Thanks to public health measures over the past few years, incidences of flu have been low. However, experts are concerned we may not be that lucky this season since more people are out and about, back in school, and not wearing masks as much. If the U.S. trends like the Southern hemisphere (historically, a seasonal harbinger for the U.S.), we may be in for a severe flu season. Australia in nearing the end of its worst flu season in five years.
There is a possibility we may be entering a flu season with a higher level of susceptibility than usual, according to Matt Browning, MD, Chief Medical Officer for Urgent Team Family of Urgent Care & Walk-in Centers. “With mask mandates and social distancing now less prevalent, there still is the possibility of contracting both flu and COVID-19,” Browning explained.
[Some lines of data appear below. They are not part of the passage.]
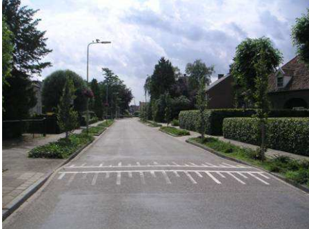
Zicht Wilhelminastraat richting St. Jansmolen
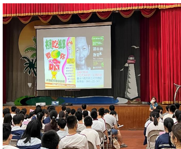
辦理菸檳防治宣導講座
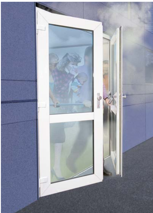
Bild 2 nach außen öffnende zweiflügelige Fluchttür im Brandfall

Falls in Deutschland an Türen in Rettungswegen elektrische Verriegelungssysteme verwendet werden sollen, unterliegen diese besonderen Regelungen. Elektrische Verriegelungssysteme (sog. Fluchtwegssicherungs- bzw. Rettungswegssicherungssysteme) unterliegen seit dem 1.5.1999

“Also, in a normal season when a person recovers from a seasonal influenza infection, they retain some level of immunity that protects them in the future for a period of time,” Browning explained. “Because of the low flu virus activity during the past few years, adult immunity (especially among those who were not vaccinated last season), will now depend on exposure to viruses two or more seasons earlier.”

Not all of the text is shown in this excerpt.